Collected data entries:
⟨
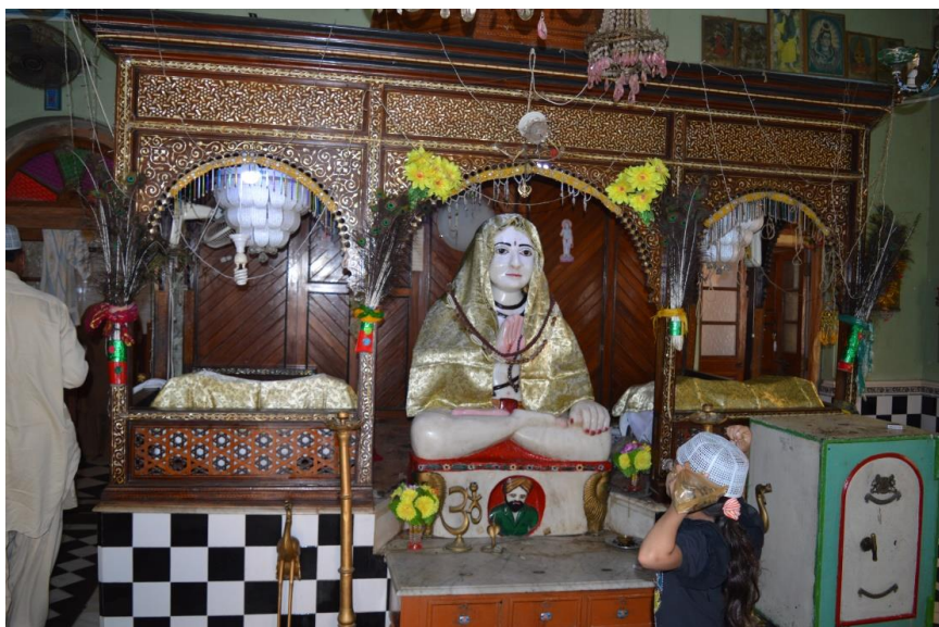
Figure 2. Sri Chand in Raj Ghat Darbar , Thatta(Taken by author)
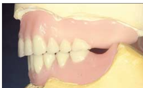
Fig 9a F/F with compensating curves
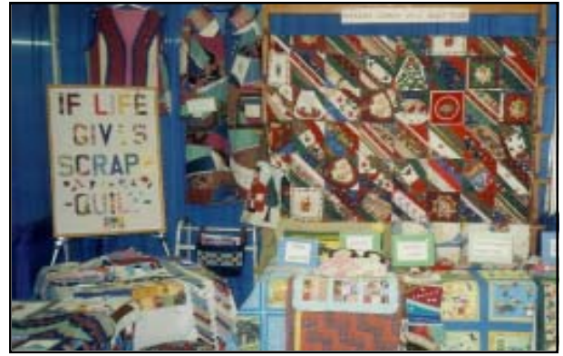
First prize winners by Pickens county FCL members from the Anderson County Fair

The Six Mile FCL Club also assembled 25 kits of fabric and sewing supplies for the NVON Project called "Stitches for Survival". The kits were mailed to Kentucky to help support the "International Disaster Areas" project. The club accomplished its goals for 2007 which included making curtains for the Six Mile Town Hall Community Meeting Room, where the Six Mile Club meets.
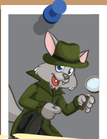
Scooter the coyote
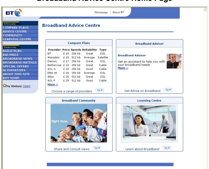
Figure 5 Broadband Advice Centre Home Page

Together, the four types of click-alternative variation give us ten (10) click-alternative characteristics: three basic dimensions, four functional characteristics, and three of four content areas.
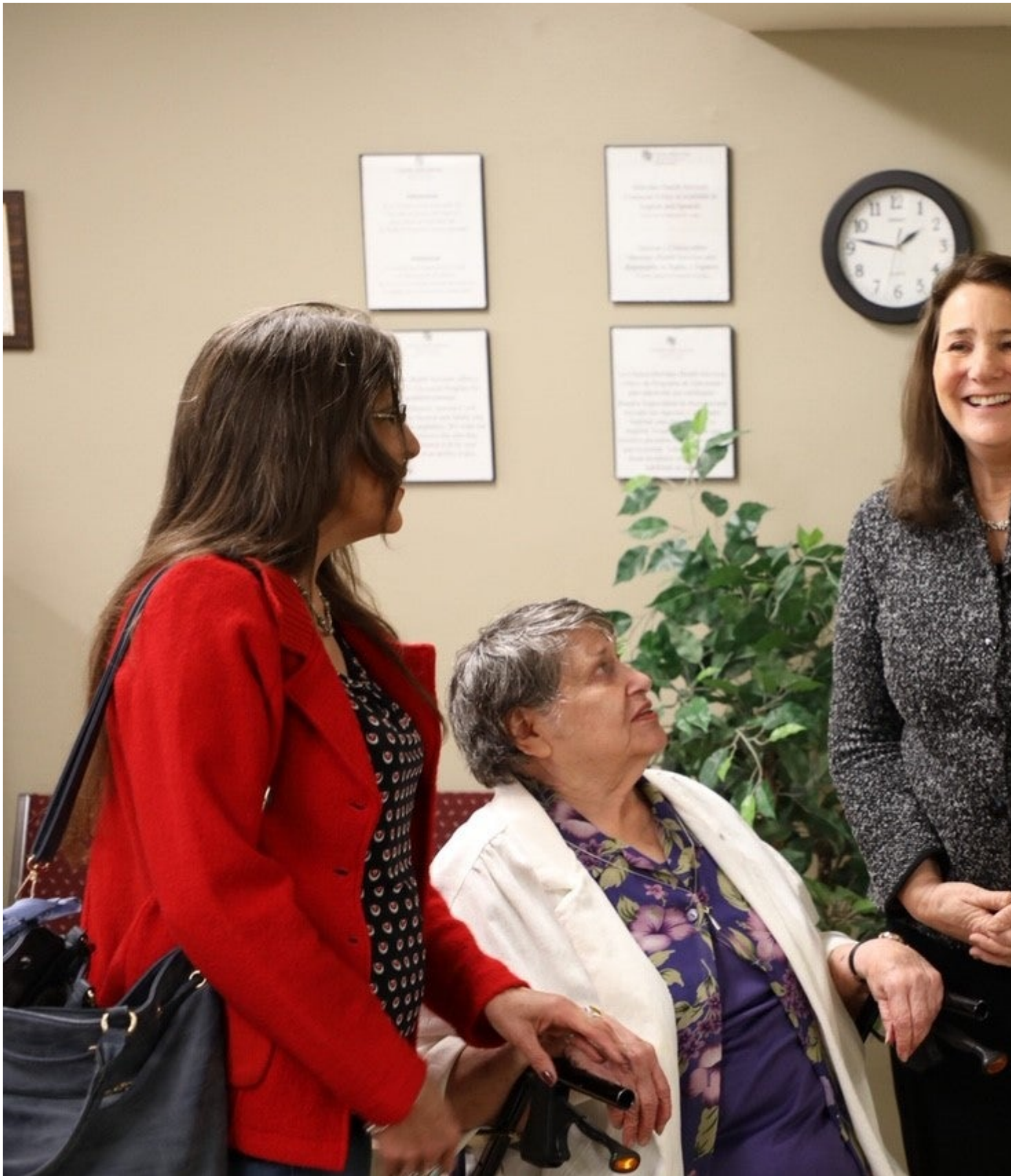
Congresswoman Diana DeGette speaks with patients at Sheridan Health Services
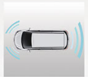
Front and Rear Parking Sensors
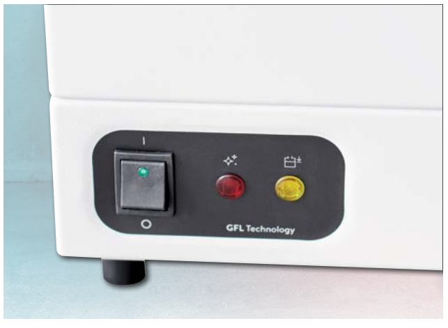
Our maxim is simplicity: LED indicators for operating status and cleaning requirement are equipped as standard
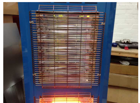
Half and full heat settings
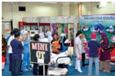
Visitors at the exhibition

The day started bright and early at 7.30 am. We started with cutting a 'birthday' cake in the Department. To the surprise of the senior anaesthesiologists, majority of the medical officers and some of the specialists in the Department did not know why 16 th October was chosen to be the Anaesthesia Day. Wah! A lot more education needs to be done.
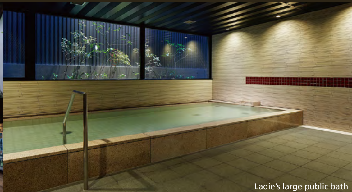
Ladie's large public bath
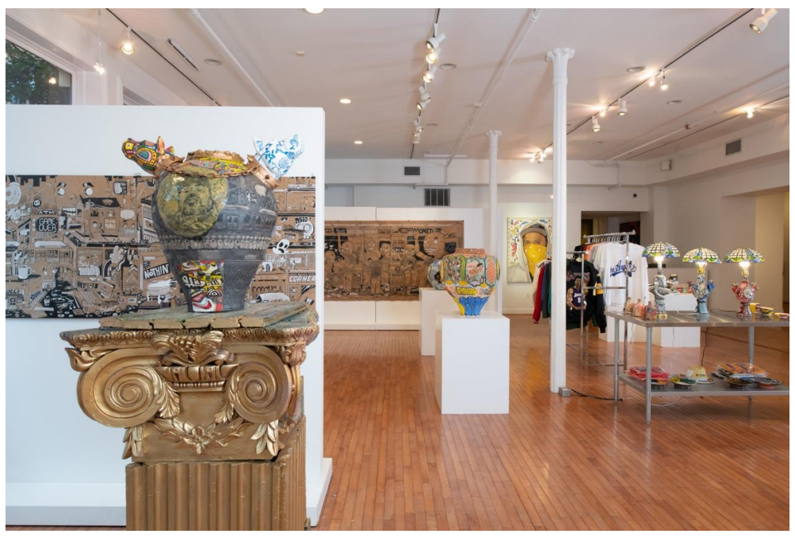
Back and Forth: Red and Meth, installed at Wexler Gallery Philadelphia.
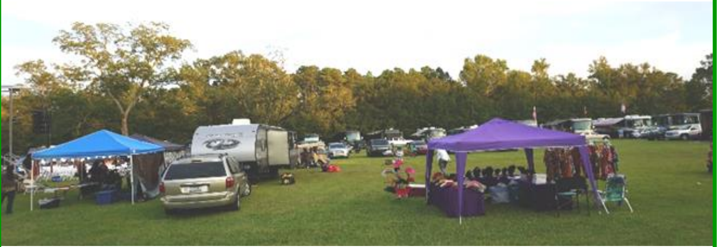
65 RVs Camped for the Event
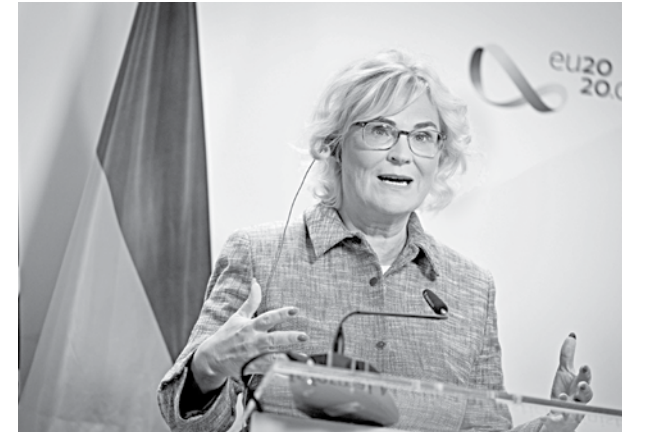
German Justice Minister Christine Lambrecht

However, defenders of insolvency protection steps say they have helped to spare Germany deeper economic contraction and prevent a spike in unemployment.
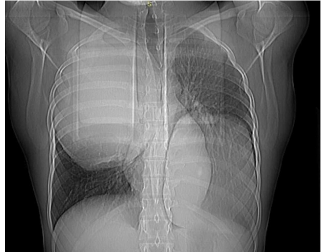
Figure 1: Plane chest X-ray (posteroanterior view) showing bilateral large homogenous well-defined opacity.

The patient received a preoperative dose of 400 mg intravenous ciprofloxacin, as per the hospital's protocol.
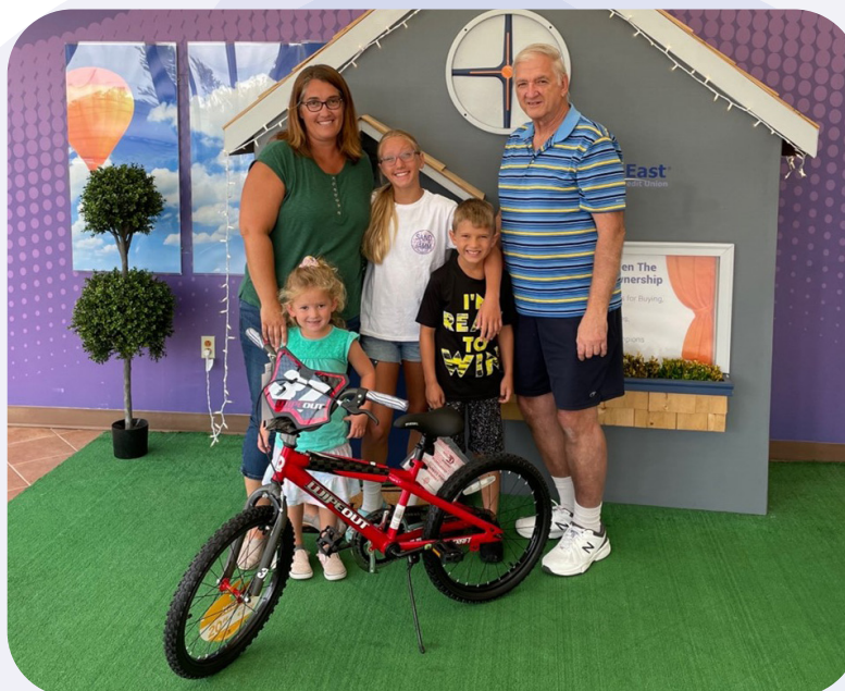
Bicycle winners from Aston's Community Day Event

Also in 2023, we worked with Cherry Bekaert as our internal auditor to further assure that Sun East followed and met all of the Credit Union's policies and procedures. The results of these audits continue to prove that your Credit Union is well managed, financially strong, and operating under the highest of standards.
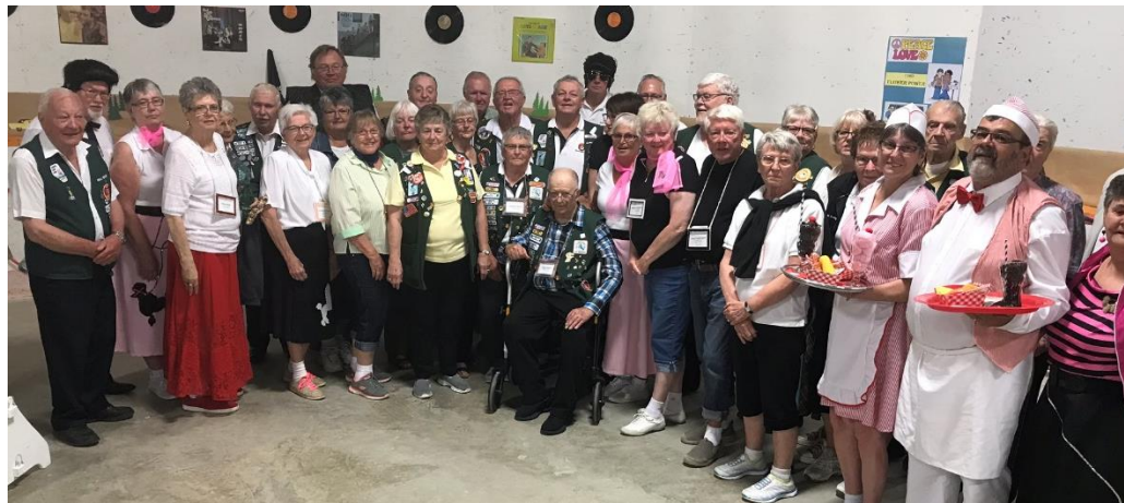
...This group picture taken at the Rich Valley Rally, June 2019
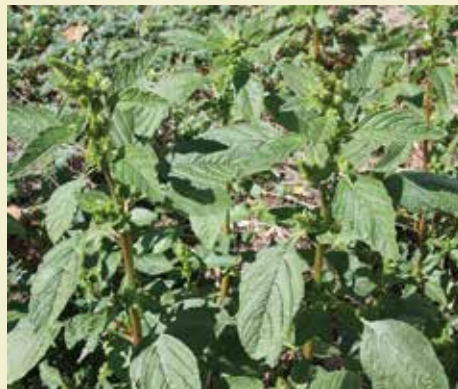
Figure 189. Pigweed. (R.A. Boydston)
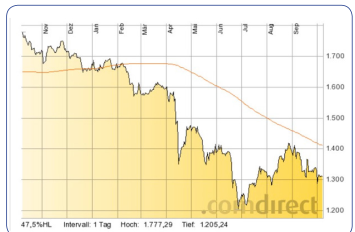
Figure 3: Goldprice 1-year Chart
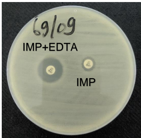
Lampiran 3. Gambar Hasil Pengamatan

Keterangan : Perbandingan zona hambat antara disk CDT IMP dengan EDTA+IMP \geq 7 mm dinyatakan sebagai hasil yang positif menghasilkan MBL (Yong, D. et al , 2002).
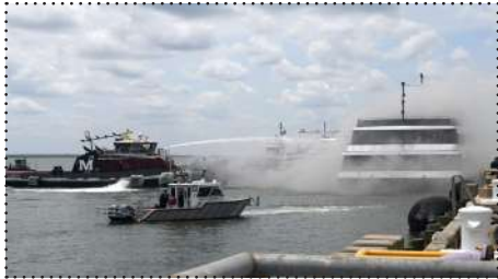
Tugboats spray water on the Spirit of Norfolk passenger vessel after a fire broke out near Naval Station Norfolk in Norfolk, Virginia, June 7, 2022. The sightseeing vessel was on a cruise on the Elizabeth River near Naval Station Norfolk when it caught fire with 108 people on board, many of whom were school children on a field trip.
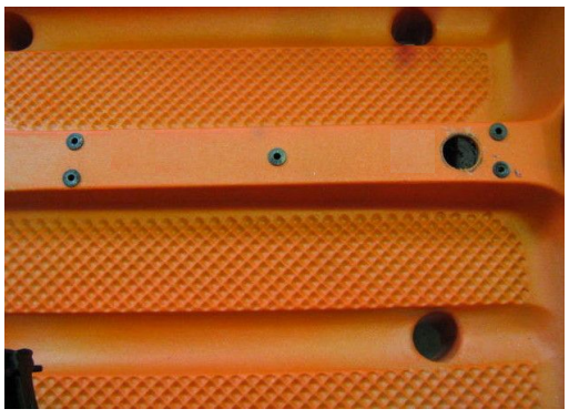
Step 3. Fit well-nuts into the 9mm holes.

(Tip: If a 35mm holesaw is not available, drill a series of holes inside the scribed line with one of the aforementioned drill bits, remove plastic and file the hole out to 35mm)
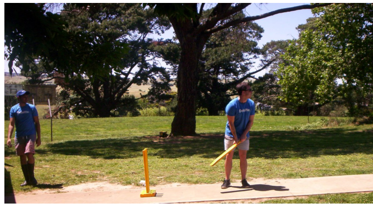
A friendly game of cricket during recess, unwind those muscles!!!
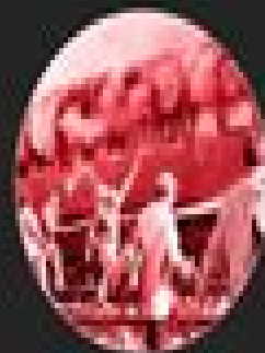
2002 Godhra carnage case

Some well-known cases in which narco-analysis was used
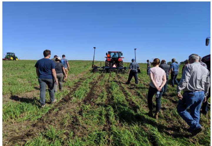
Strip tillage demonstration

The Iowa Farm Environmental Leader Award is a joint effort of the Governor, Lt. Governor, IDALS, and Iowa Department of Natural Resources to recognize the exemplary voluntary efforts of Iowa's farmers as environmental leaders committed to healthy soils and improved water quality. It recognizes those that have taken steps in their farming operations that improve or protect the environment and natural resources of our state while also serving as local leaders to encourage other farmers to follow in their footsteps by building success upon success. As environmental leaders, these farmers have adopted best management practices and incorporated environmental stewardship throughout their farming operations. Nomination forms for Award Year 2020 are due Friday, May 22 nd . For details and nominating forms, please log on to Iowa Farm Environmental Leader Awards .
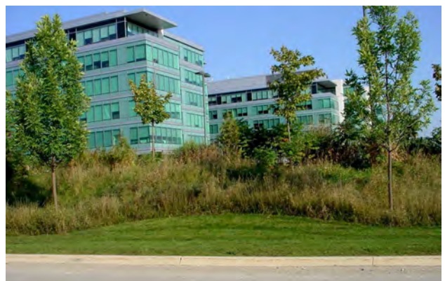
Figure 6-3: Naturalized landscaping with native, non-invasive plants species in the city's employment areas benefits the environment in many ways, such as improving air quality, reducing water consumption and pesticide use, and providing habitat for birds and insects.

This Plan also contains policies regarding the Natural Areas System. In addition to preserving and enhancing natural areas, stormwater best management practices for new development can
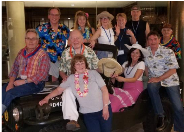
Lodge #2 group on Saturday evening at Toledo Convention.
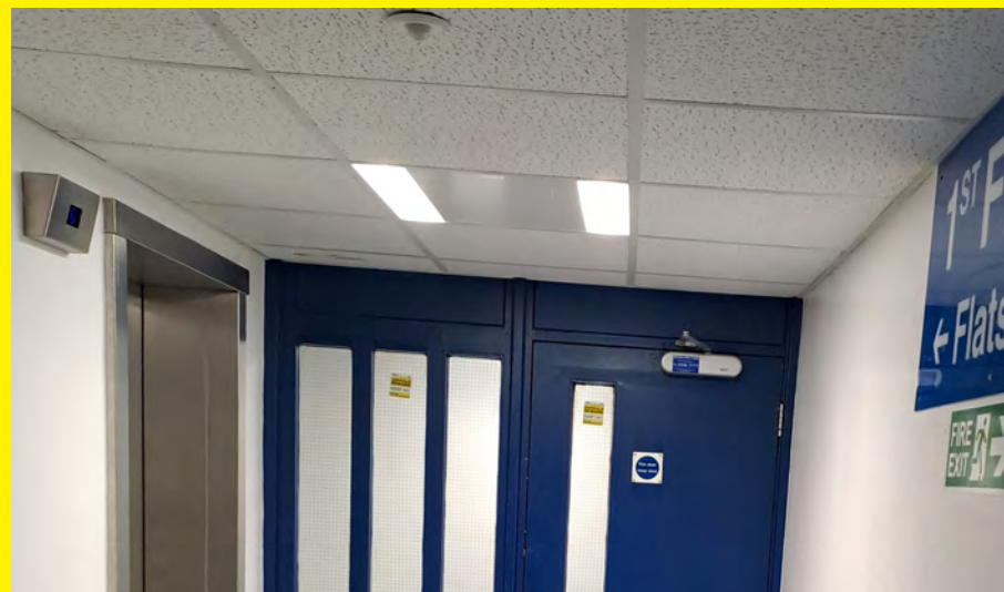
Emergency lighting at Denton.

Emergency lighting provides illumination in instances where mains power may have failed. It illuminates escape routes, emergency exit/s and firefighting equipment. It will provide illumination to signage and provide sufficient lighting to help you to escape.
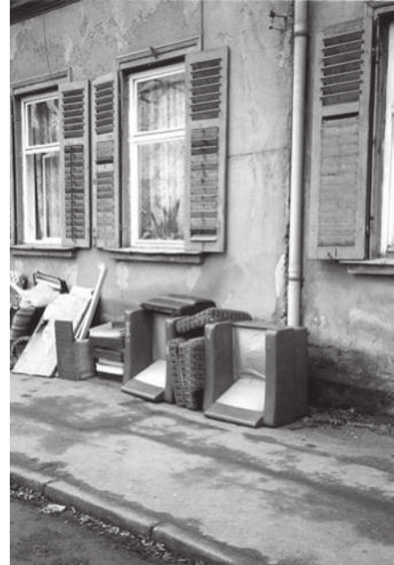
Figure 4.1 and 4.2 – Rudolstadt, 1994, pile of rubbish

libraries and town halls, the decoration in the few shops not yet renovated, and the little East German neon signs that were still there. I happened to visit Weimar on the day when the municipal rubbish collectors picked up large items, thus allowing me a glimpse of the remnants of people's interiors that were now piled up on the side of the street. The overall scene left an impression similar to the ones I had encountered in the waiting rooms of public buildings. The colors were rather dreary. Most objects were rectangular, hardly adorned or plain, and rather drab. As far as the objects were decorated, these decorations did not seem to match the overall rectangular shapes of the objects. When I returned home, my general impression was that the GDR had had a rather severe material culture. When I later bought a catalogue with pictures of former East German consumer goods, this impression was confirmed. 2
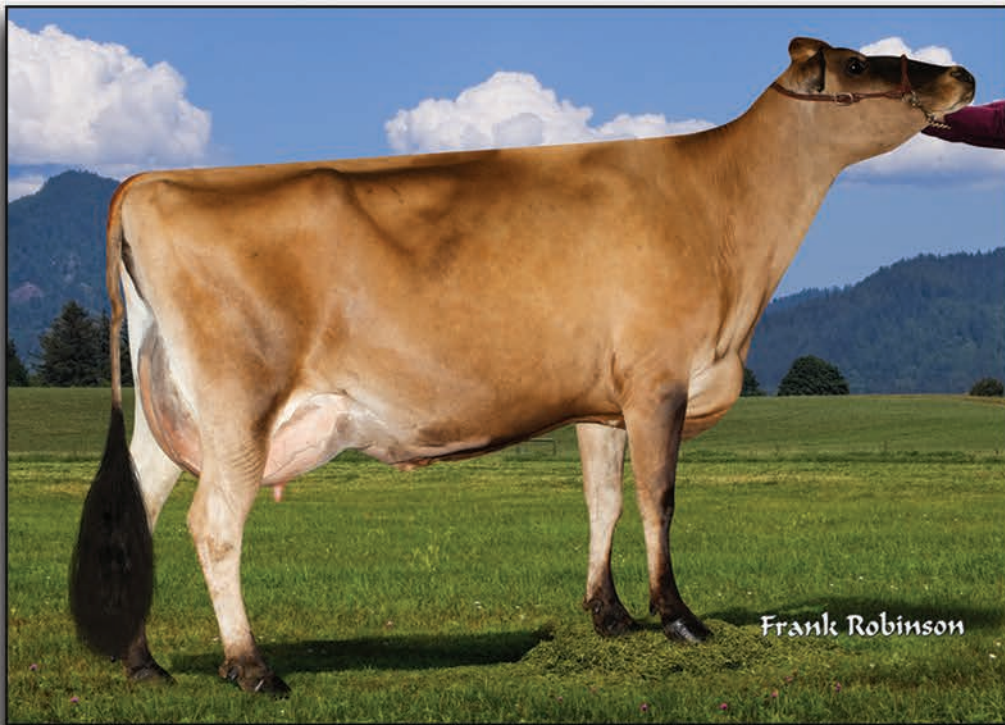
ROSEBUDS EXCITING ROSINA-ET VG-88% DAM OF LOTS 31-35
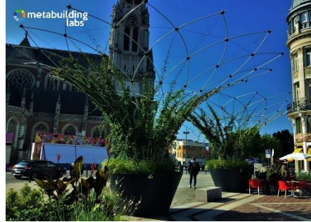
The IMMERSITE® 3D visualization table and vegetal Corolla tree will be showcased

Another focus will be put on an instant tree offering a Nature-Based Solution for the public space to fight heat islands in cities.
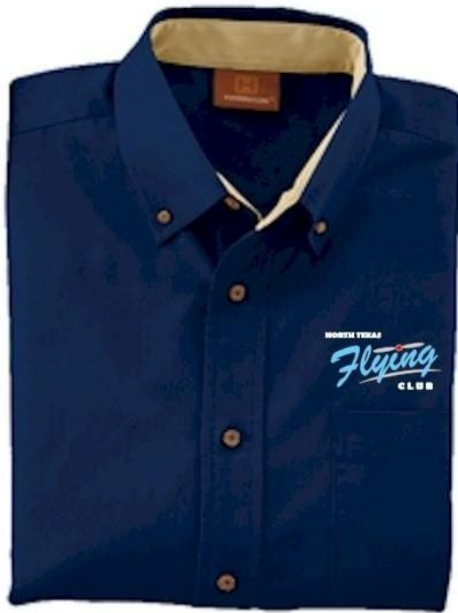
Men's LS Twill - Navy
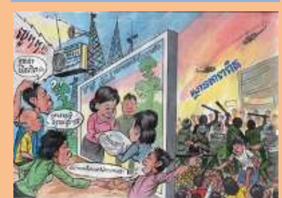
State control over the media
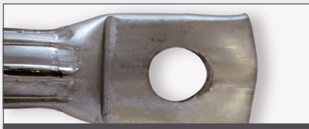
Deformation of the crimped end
⟩
- TO DO:
Among the entries, copy every line containing the word "from".

- THE ANSWER:
First prize winners by Pickens county FCL members from the Anderson County Fair
Bicycle winners from Aston's Community Day Event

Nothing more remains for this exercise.